Vehicle Localization Algorithm Selection by Driving State
Find Innovative SolutionsGenerate Solutions
Solution Overview
Problem
Existing vehicle localization methods do not effectively adapt to different driving situations, leading to suboptimal position determination and increased error rates due to the independent optimization of sensors without considering their advantages in specific conditions.
Innovation Solution
A method that detects the current driving condition and selects the most suitable localization algorithm from a predetermined set, combining satellite navigation and vehicle dynamics sensors to switch between algorithms like Single Point Positioning (SPP) and Precision Point Positioning (PPP), and tire models, optimizing computing power and accuracy based on driving states such as standstill, normal driving, or controlled constant speed.
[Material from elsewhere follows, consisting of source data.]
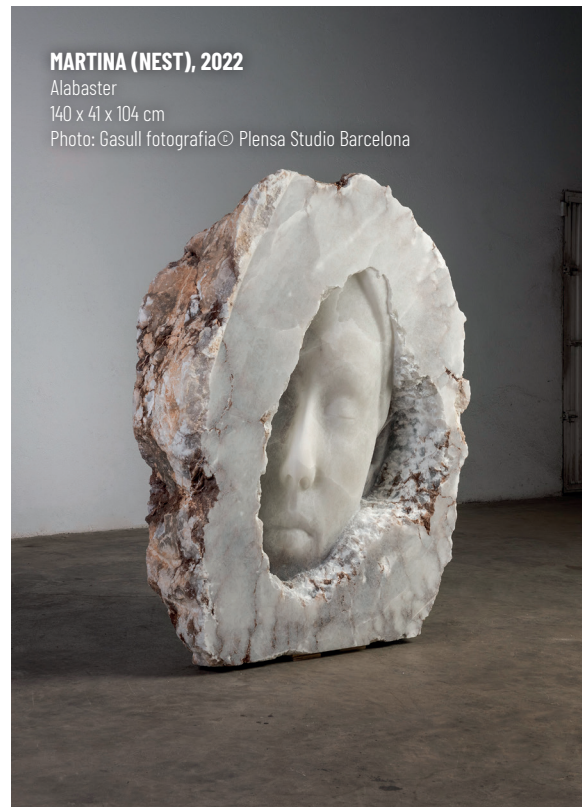
MARTINA (NEST), 2022

De majestueuze volumes van de kapittelkerk, die werd gebouwd door kanunnikessen in de 15 e eeuw, maken indruk op bezoekers zodra ze het gebouw betreden. Deze Dames hadden beslist ambities voor hun stad. De kanunnikessen, die van adellijke afkomst waren, hadden een visionaire geest en zaten in de artistieke voorhoede van hun tijd, zowel op architecturaal als op sculpturaal vlak. Ze deden dan ook een beroep op Jacques Du Broeucq, een van de grootste beeldhouwers van de zuidelijke Renaissance, om het doksaal te maken: een monumentale stenen wand die het schip scheidt van het priesterkoor. Het doksaal werd ontmanteld tijdens de Franse Revolutie, maar gelukkig werden daarbij een reeks albasten beelden en hoogreliefs gered. De meester-kunstenaar van keizer Karel V tekende hier voor een werk in de meest loepzuivere renaissancestijl van zijn tijd. Kijk maar naar de transparante witheid van de weergave van de stoffen, de levendige gelaatsuitdrukkingen of de harmonie van de lichaamsverhoudingen. Zijn stijl breekt met de middeleeuwse esthetiek die tot dan heerste in onze zuidelijke landstreken. Tegenover dit beeldhouwwerk in de geest van het humanisme, plaatst Jaume Plensa kwetsbare gezichten, genesteld in een cocon van doorschijnend albast. Vijf eeuwen scheiden deze werken van elkaar en toch straalt het materiaal dezelfde tijdloze zachtheid uit, waardoor ze de tand des tijds zonder enige rimpel doorstaan.
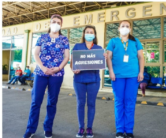
LOS PROPIOS FUNCIONARIOS de la salud han hecho campañas para concientizar por el respeto a su trabajo.

Pese a la disminución de incidentes en las demás áreas del complejo asistencial "Dr. Víctor Ríos Ruiz", las agresiones en el servicio de Emergencias han seguido en aumento desde 2023. "Les pido que también cuiden de nosotros", señaló su director.
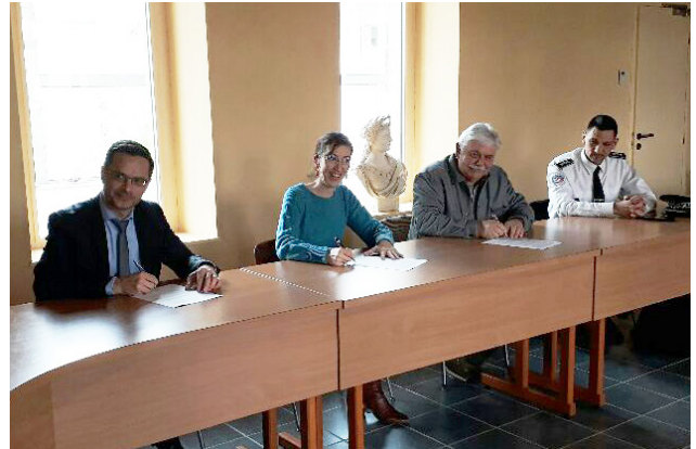
à Avermes pour la signature d'une convention communale de coordination entre la police municipale et les forces de sécurité de l'État
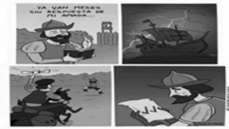
Figura 2. Discurso multimodal
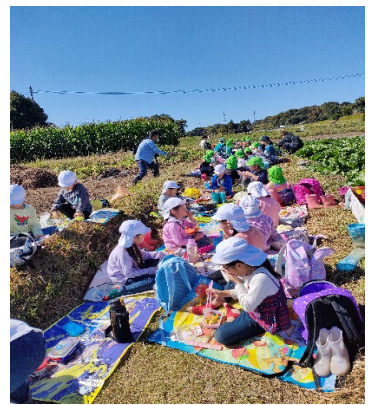
外で食べる手作りお弁当はおいしい!!
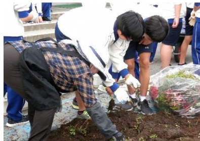
環境委員会 花植え
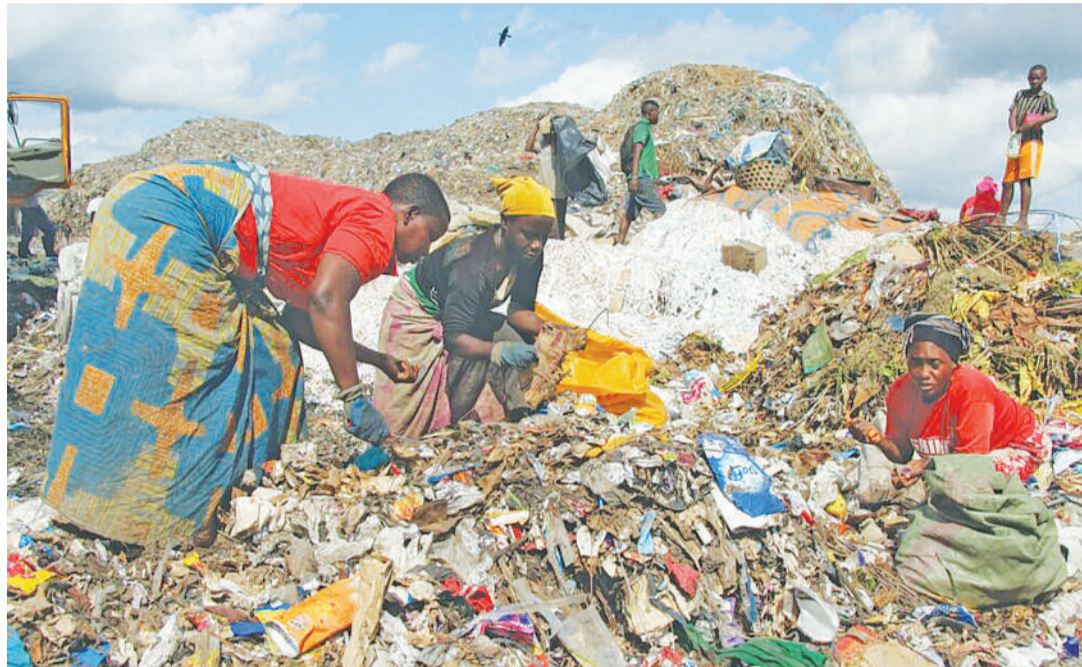
Uchafu ukiwa mtaani na kuwa kero kwa afya.

"Mfumo wa Taka Sifuri unapendekeza mifumo itakayotatua matatizo ya kimazingira kama uchafu wa hali ya hewa, kuruhusu jamii kuelewa mienendo yake na ku-
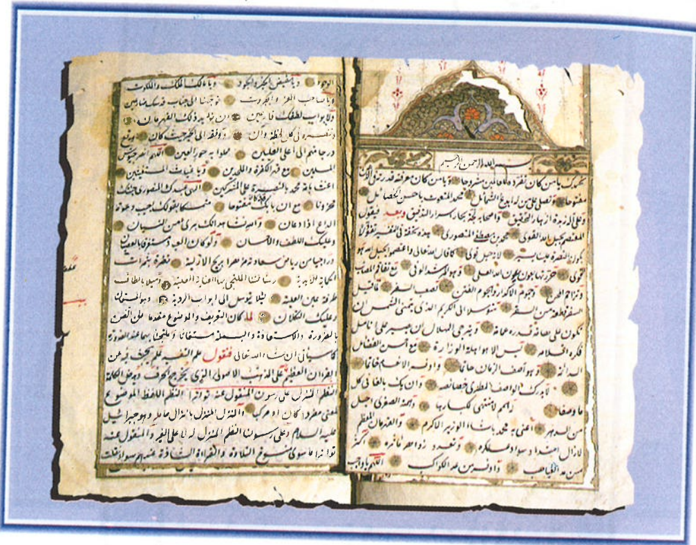
مخطوطة (تفسير الفاتحة، للمنصوري)

Engineering Contradictions & Design Principles
Engineering Contradiction Analysis
1Measurement precision
If localization algorithms are optimized independently for each sensor type, then each sensor can perform its basic function, but the overall localization precision is suboptimal because the advantages of respective sensors in different driving situations are not utilized
Solution Approach 1:
The patent implements dynamic selection of localization algorithms based on detected driving conditions. The system switches between different algorithms (e.g., dead reckoning, satellite navigation, fusion algorithms) according to the current driving state, making the localization system adaptive rather than static. This resolves the contradiction by enabling the system to leverage the advantages of different sensors and algorithms in different driving situations, thereby improving overall localization precision while maintaining adaptability.
Solution Approach 2:
The patent changes the operational parameters of the localization system by selecting different algorithms based on driving conditions. When GPS signal quality is poor, the system increases reliance on dead reckoning; when vehicle dynamics data is noisy, it reduces their weight. This dynamic parameter adjustment allows the system to optimize localization precision for each specific driving condition, resolving the contradiction between measurement precision and adaptability.
2Measurement precision
If complex localization algorithms are used continuously, then high precision can be achieved, but computing power is wasted during conditions where simple algorithms would suffice
Solution Approach 1:
The patent applies partial action by using complex localization algorithms only when necessary (i.e., when driving conditions require high precision and warrant the computational cost). During normal or predictable driving conditions, simpler algorithms are sufficient. This selective application of computational resources resolves the contradiction by avoiding excessive computing power consumption while maintaining high precision when actually needed.
Solution Approach 2:
The system periodically evaluates driving conditions and switches between algorithm complexity accordingly. During steady-state driving, simpler algorithms are used; during transient or critical conditions, more complex algorithms are activated. This periodic assessment and switching pattern optimizes the balance between localization precision and computing power consumption.
3Device complexity
If a single localization algorithm is used for all conditions, then the system is simple to implement, but localization accuracy decreases because different algorithms have advantages in different driving situations
Solution Approach 1:
The patent creates a universal localization system that can perform multiple functions by selecting from different algorithms based on driving conditions. The system maintains a library of localization algorithms and selects the most appropriate one for each situation, making the system multi-functional rather than single-purpose. This resolves the contradiction by enabling the system to achieve high localization precision across diverse driving conditions while managing complexity through a structured selection framework.
Solution Approach 2:
The patent introduces a driving condition detection module as an intermediary that mediates between the sensor inputs and the localization algorithm selection. This intermediary analyzes the current driving state and determines which algorithm should be used, thereby managing the complexity of having multiple algorithms while ensuring optimal localization precision for each condition.
4Measurement precision
If sensor data is processed continuously with high computational load, then localization accuracy is maximized, but the system becomes less reliable during conditions where computational resources are constrained
Solution Approach 1:
The patent implements dynamic adjustment of computational load based on driving conditions and available resources. During conditions where high precision is critical and resources are available, complex algorithms are used. During conditions where resources are constrained or reliability is more critical, the system switches to simpler, more reliable algorithms. This dynamic adaptation resolves the contradiction by ensuring the system remains reliable across varying operational conditions while maintaining precision when possible.
Data Source
Figure 1
AI summary
The invention relates to a method for selecting locating algorithms in a vehicle, wherein the locating algorithms, in particular for satellite navigation or vehicle dynamics sensors, are selected on the basis of driving states.